Friday, April 17, 2026
Gumisai Mutume
- Ever since South Africa’s labour began deriding the ruling African National Congress’s macro- economic strategy there has been speculation that the two will fall-out, at least by election-time.
But the elections are due June 2 and within the ruling ANC’s election list are a myriad of unionists, some of whom have been most vocally opposed to the policies of the ruling party.
Sam Shilowa, the secretary-general of the Congress of South African Trade Unions (Cosatu), is at number 25 on the ANC parliamentary list and president John Gomomo and vice-president Connie September will also be rewarded with a top-salaried political post come the elections.
Another eight members of the union movement will also join the political arena, depleting the number of experienced worker activists but also re-affirming the tri-partite alliance that sets the ANC with labour and the communists.
The tri-partite alliance made up of the ANC, Cosatu and the South African Communist Party (SACP) was forged ahead of the 1994 elections to contest the polls on a common ticket.
The broadness of this group, which unites people across ethnic, religious, ideological, gender and age barriers has, however, often been played out as the potential cracking point in the alliance.
The ANC alliance is made up of the unions, civic associations, women’s and youth organisations a mix of businessmen, socialists and conservatives. The challenge to the ANC has always been to hold the alliance together.
But its partners have increasingly pointed at pitfalls in its strategy to redress the imbalances of apartheid and at one stage, deputy president Thabo Mbeki challenged members of the SACP to leave the alliance or put up with current ANC strategies.

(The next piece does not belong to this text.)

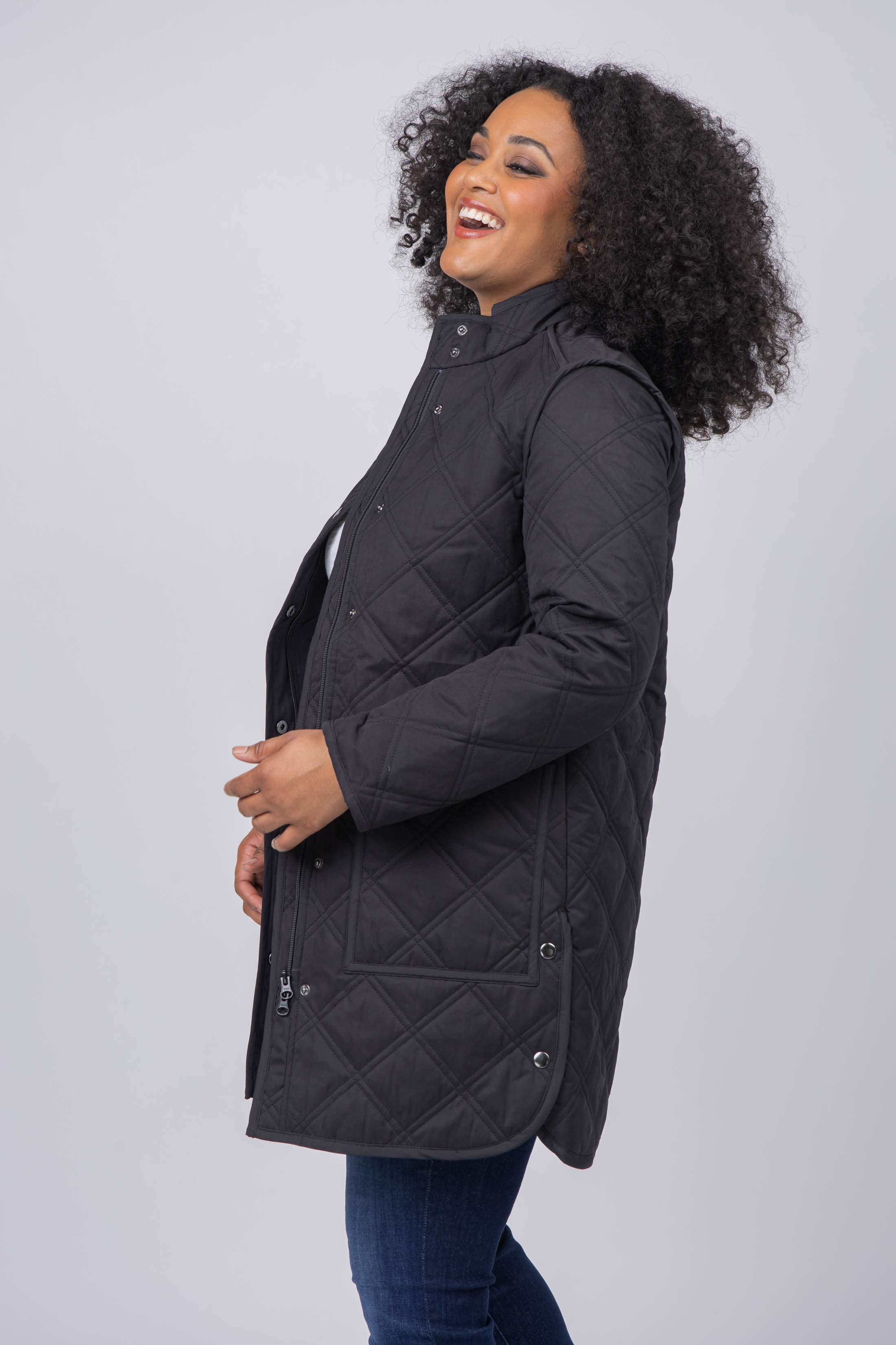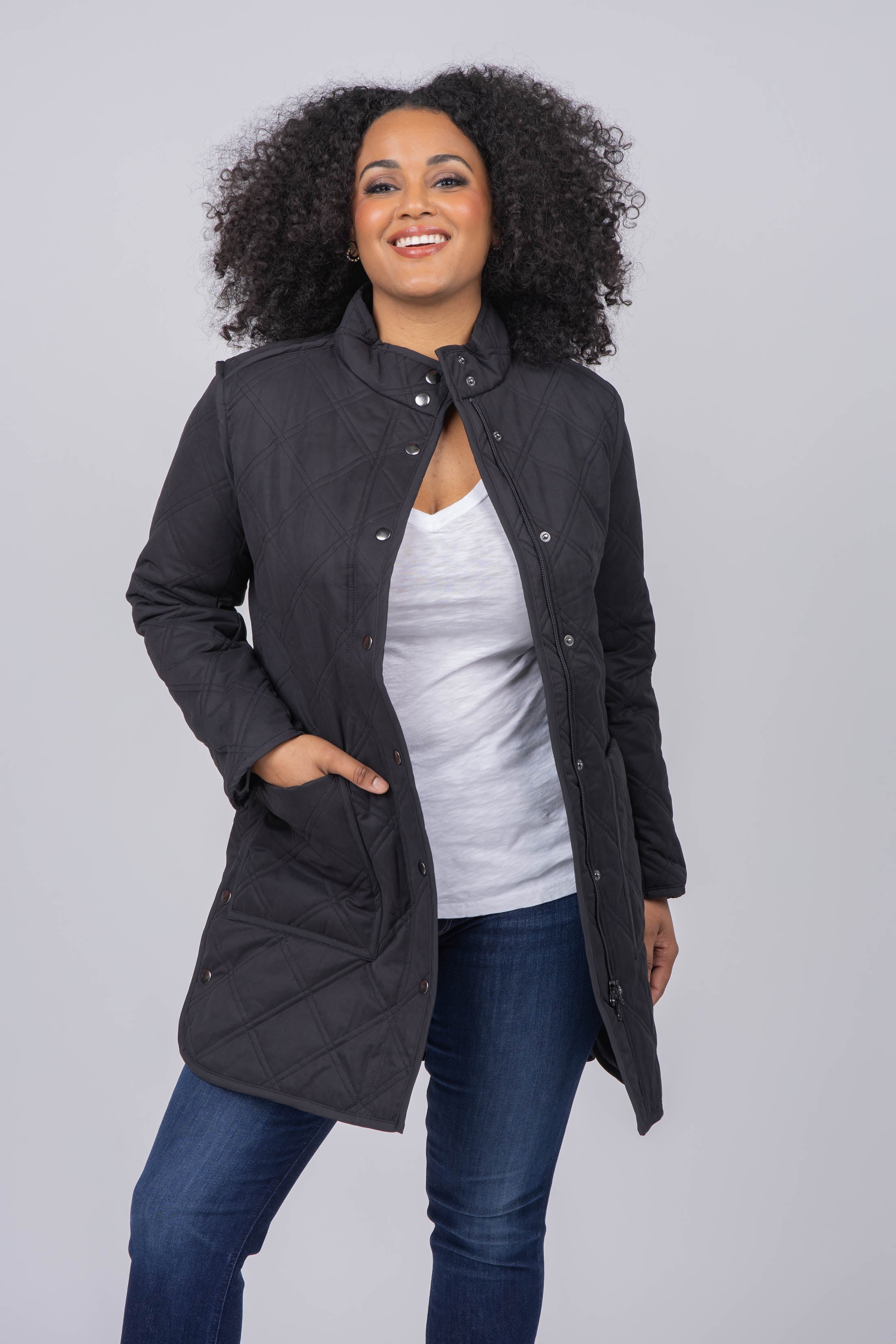 A classic, year-round jacket for town or country. This style features a quilt design, faux-suede piping and a chic stand collar. With a more feminine, tailored fit, this is the perfect durable outerwear layer for any season.

Cosatu has been most vehemently opposed to government’s new macro-economic policy GEAR (Growth, Employment and Redistribution), which aims to restructure state assets, and create jobs.
The ANC adopted the market-led GEAR in 1996 and the policy has often been compared to World Bank structural adjustment programmes (SAPs) by detractors.
“COSATU’s opposition to government’s highly restrictive macro-economic framework has not simply been abstract or ideological. We have opposed GEAR because of the very practical negative impact which it is going to have on the level of government service delivery and on jobs,” says Cosatu.
“GEAR is a model which will fail to deliver growth, employment or redistribution,” it says.
As a result of GEAR, the education budget was cut by more than 6 percent in the 1997/1998 financial year. In the 1998/1999 budget, housing was cut by 14.3 percent in real terms.
The unionists have also been complaining that the economy is not creating employment at a time when jobs are needed most.
The Reserve Bank recently announced that 108,000 jobs were lost in the formal economy in 1998. Unemployment is estimated as high as 50 percent in some sectors. Government will also have to shed between 50,000 and 100,000 civil servants who are considered excess baggage.
GEAR envisages growth rates of 6 percent by the year 2002 thereby creating 600,000 jobs annually, argues the ANC.
It, however, calls for fiscal discipline and a cut in government expenditure. This is the departure point between the ANC and its alliance partners who argue that such a move would hurt the poor, black majority who have most to gain from increased social spending in health, education, housing and welfare.
Zwelinzima Vavi, who will take over from Shilowa as acting secretary-general of Cosatu, says the appointments of Cosatu members will see unionists carry the workers’ struggle to parliament.
But opposition Pan Africanist Congress deputy president Motsoko Pheko says the nomination of the union leaders is a betrayal of the workers as it will see the furtherance of policies opposed to the empowerment of workers.
Pheko calls the opposition to GEAR by the very union leaders who will soon take political office as a true sign of their “hypocritical opposition.”
Former union leaders like Jay Naidoo, trade minister Alec Erwin and security minister Sydney Mufamadi have long been in parliament serving under the ANC but increasingly marginalised from the worker’s struggles.
“One of the challenges facing the trade union movement is how can we arrest the increasing dominance of neo-liberal economic thinking forced down the throat of governments by un- elected yet extremely powerful institutions such as the World Bank and International Monetary Fund,” says Vavi.